第8章 〝仇〟(※裏有)
普段は冷静沈着な焦凍くんが、署長に突っかかるように言葉を発した。それを緑谷くんがなだめる。
「規則守って見殺しにするべきだったって!?結果オーライであれば規則などウヤムヤでいいと?ーー…人を救けるのがヒーローの仕事だろ!」
「ちょっと轟くん…!」
「…だからキミは“卵”だ。まったく…いい教育をしているワンね。雄英も、エンデヴァーも…」
「この犬ーー!」
「やめたまえ!もっともな話だ!!」
「まァ…話は最後まで聞け」
飯田くん、グラントリノがなだめるなか、署長は話を続けた。
「以上が警察としての意見。で、処分云々はあくまで公表すればの話だワン。公表すれば、世論はキミらを褒め称えるだろうが、処罰はまぬがれない。一方で汚い話、公表しない場合ヒーロー殺しの火傷跡からエンデヴァーを功労者として擁立してしまえるワン。幸い目撃者は極めて限られている…この違反は、ここで握りつぶせるんだワン。だが、キミたちの英断と功績も誰にも知られることはない…どっちがいい!?1人の人間としては…前途ある若者の偉大なる過ちにケチをつけたくないんだワン!?」
「まァどの道、監督不行届で俺らは責任取らないとだしな。」
マニュアルさんが半泣きでため息をしながらそうボヤいた。
「「申し訳ございませんでした…」」
私と飯田くんが頭を下げると、マニュアルさんのチョップが頭に炸裂した。…地味に痛い…

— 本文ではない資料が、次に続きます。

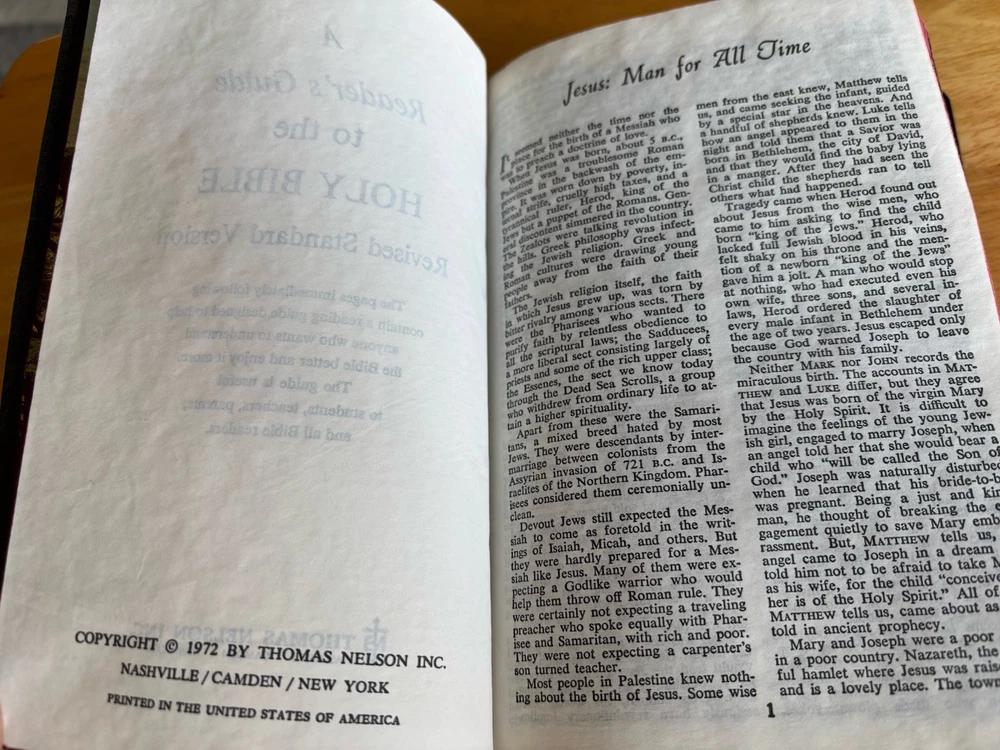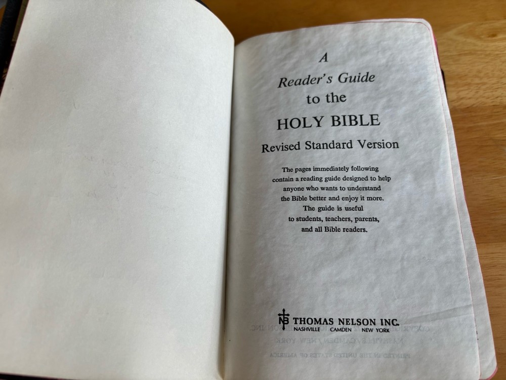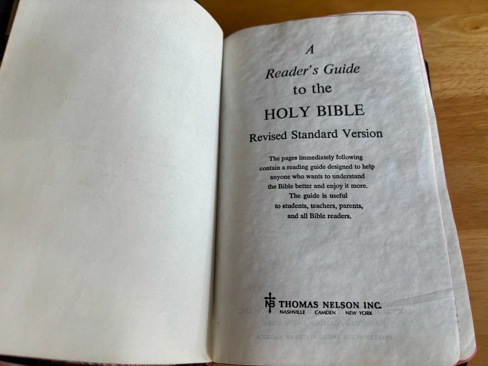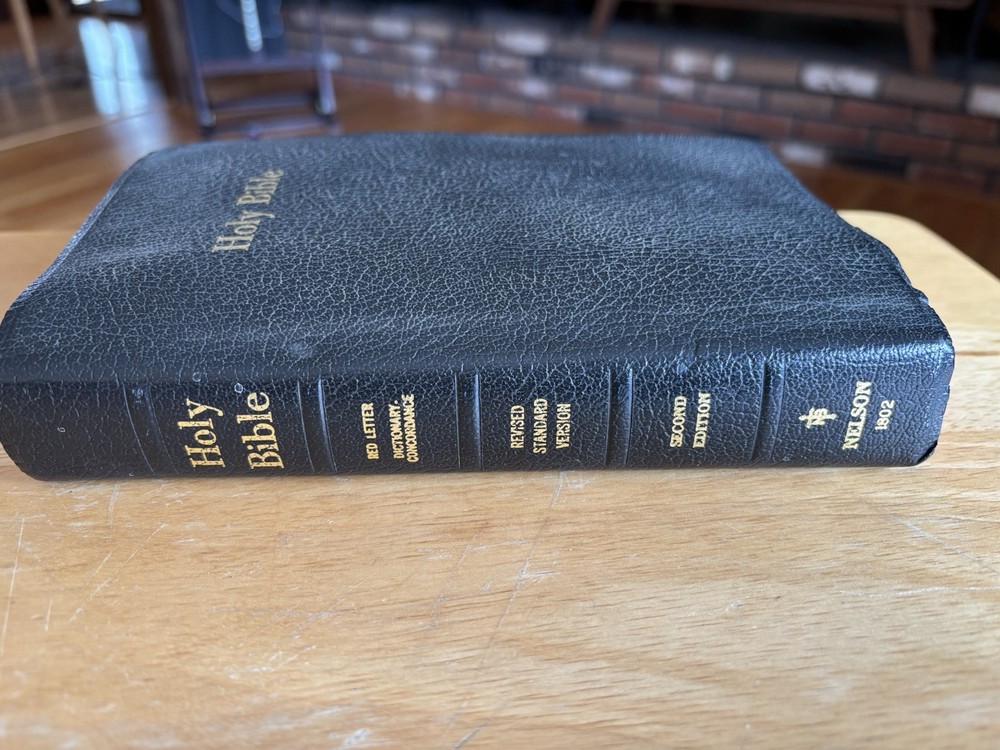 The product is a vintage leather-bound Holy Bible by Thomas Nelson, featuring a red letter edition with a dictionary and concordance. It is the Revised Standard Version, second edition from 1972. The Bible is black with colored maps and illustrations, and is inscribed. It is a nonfiction book in English, focusing on spirituality and religious topics, and was published by Thomas Nelson in the United States in the 1970s.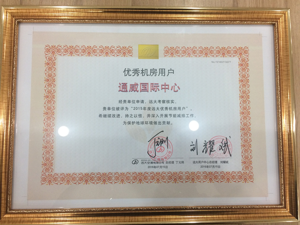 通威國際中心喜獲“年度遠大優秀機房用戶”榮譽稱號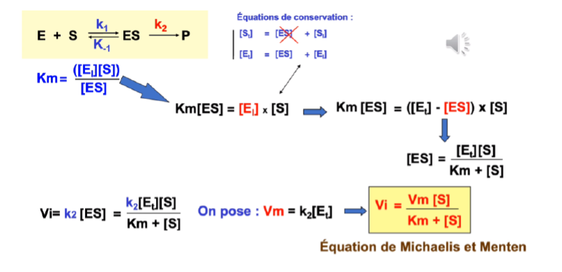 j'ai l'impression qu'il y a une incohérence entre la formule de la Vi dans l'encadré de la page 7 qui est égal au produit de k2, [Et] et [S] divisé par Km+ [S] et la valeur de Vi définie dans le texte en haut de la page 8 où la on parle du produit de k2, [Et] et [ES] divisé par Km+[S].. quelle est la version à retenir?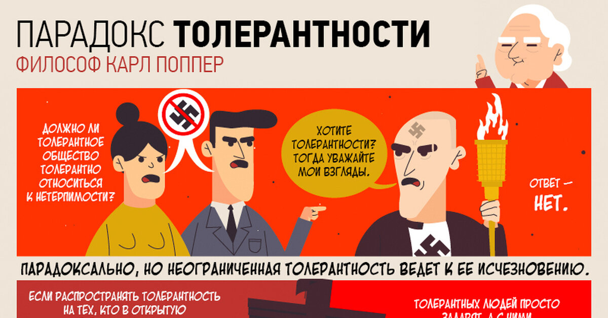 Он говорил, что безграничная толерантность приведёт к исчезновению толерантности, поскольку терпимость к не толерантности приводит к повсеместному распространению последней.

「よし!他人に迷惑かかる!分かったら二度とするなよ!!」
そして最後にみんなで署長の寛大な心に感謝して頭を下げた。
「よろしく…お願いします」
「大人のズルでキミたちが受けていたであろう称賛の声はなくなってしまうが、せめて共に平和を守る人間として…ありがとう!」
署長も、こちらに向かって深深と頭を下げた。思わぬ形で始まった路地裏の戦いは、こうして人知れず終わりを迎えた。ただ、その影響もまた人知れず…私たちを蝕んでいた。そして、さらに追い打ちをかけるような話が告げられた。それは、飯田くんが負傷した左手に後遺症が残るということだった。腕神経叢という箇所をやられ、手指の動かしづらさと多少の痺れが残ると診断された。手術で神経移植すれば治る可能性もあるらしいけど、飯田くんは、自分が本当のヒーローになれるまでその左手を残しておくと決断した。
『みんなで一緒に強くなろう』
そう、誓い合った…。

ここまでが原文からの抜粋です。